Promoting local trade through standards
Rwandan goods and services produced in line with acceptable standards and so competitive in both regional and international trade. Rwanda Bureau of Standards defines and possesses national standards to ensure quality of the products and services. Production of quality products and services creates demand for them hence leading to the growth of businesses as they earn profit to expand.
A lot is happening as far as standards are concerned. For example, in the framework to discuss with countrywide stakeholders involved in crops marketing chain, the Ministry recently met rice processing industries, rice selling co-operatives and farmers to understand the key challenges to be addressed in short, medium and long term.
There’s need for these stakeholders to know the new instructions to harmonise rice processing and trading in the country. The new guidelines require the rice supply chain from traders, rice processors, distributors, wholesalers and retailers to hold a valid certificate of registration issued by the Rwanda Development Board (RDB) and an authorized permit issued by MINICOM.
Under the new arrangement, rice farmers and traders are also required to keep sales and purchase records, acquire warehouses for wholesalers, including subjecting their rice to quality control by the Rwanda Bureau of Standards. Additionally, processors must also adopt a new standardized approach of packaging in bags of smaller quantities ranging from two to 25 kgs and 50kgs. These requirements are meant to meet export standards that prohibit vices like duplication.
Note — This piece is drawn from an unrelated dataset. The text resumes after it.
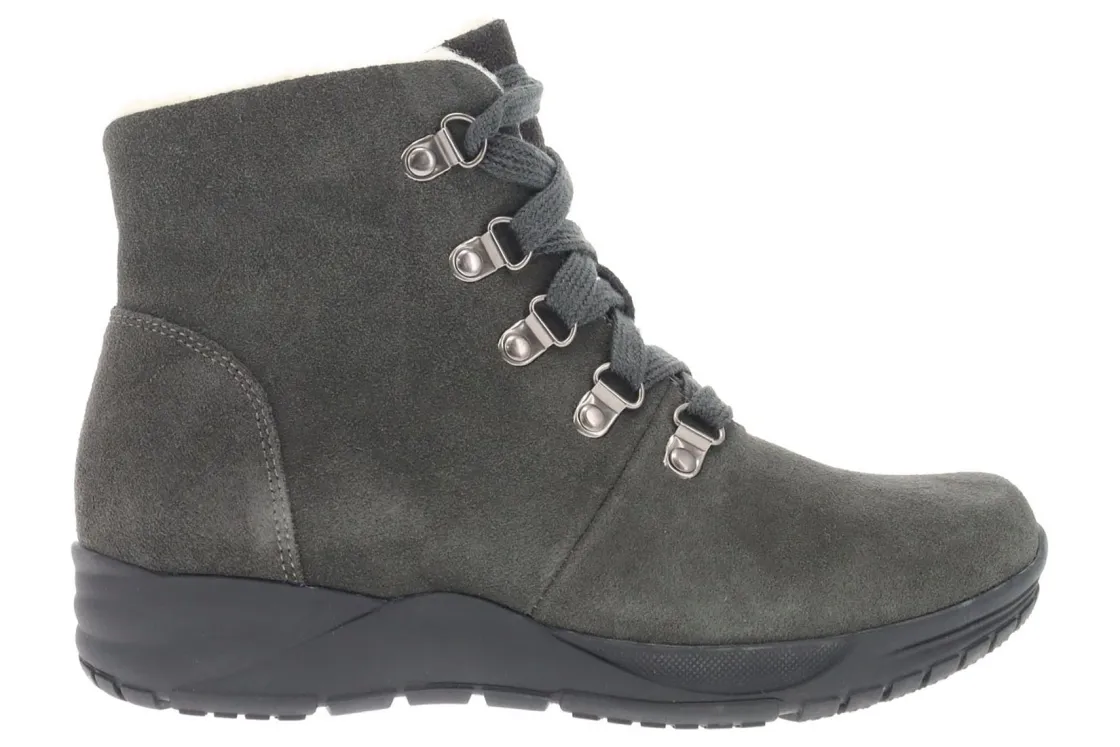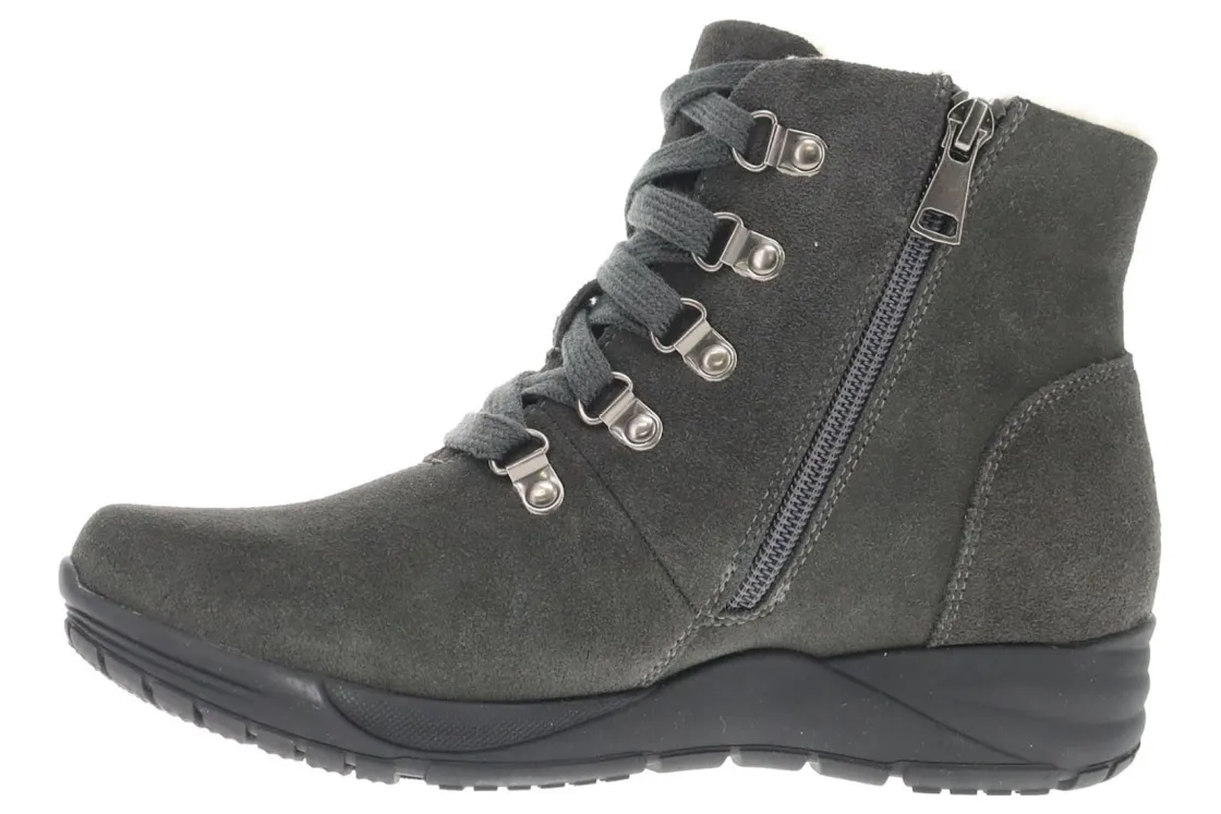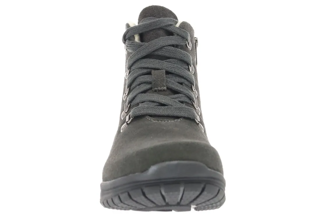 Propet Demi is a cozy and durable bootie for the colder months of the year. Prominent features include cow suede uppers with water-repelling Scotchgard™ treatment and a flexible rubber outsole.

Government is putting additional efforts in rice farming. Packaging in smaller bags will address the problem of duplication. According to the guidelines, imported rice shall hold a valid certificate of origin. The proposal is expected to ensure quality and quantity rice, stabilize prices and increase profits across the supply chain. The government also plans to construct buffer stocks for excess produce which would be sold during scarcity to stabilize prices.
MINICOM provides facilities to the local government to implement some activities considered as priorities of the private sector through earmarked transfers. MINICOM as the lead of the sector involves in the setting up of priorities, deliverables and timelines for implementation at the district level and emphasizes on the monitoring and evaluation and reporting frameworks.
Business Development Centres have also been established by PSF and RDB to offer business development Services like business plan writing, accounting skills, management skills…and provide ICT facilities to local communities. The results of BDCs have been mixed and a new approach of privatising them is ongoing at RDB.
Saving and Credit Cooperatives (SACCOs) have been established at each sector in order to increase access to finance in local areas and enhance the culture of savings and investments.
Recently MINALOC developed an Integrated Development Program with the aim of operationalizing the link between central government and local government.
Skills and Human Capacity
Over the EDPRS period the human capacity of Government within the PSD sector has greatly improved with the introduction of new institutions. RDB, MINEAC, RCA, RBS and NAEB are all relatively new institutions and have grown in capacity, targeting themselves towards key deliverables. Currently MINICOM has undergone a restructuring whereby there are three Directorates General (Trade & Investment, Industry & SME development and Planning, M & E), and RDB has also refocused its mandate with more efforts on exports and investment promotion.
NAEB now provides a specialised agency for promotion of agricultural exports, focusing on value addition and high growth opportunities. A Single Project Implementation Unit has been established in MINICOM to streamline management of both internally and externally funded projects.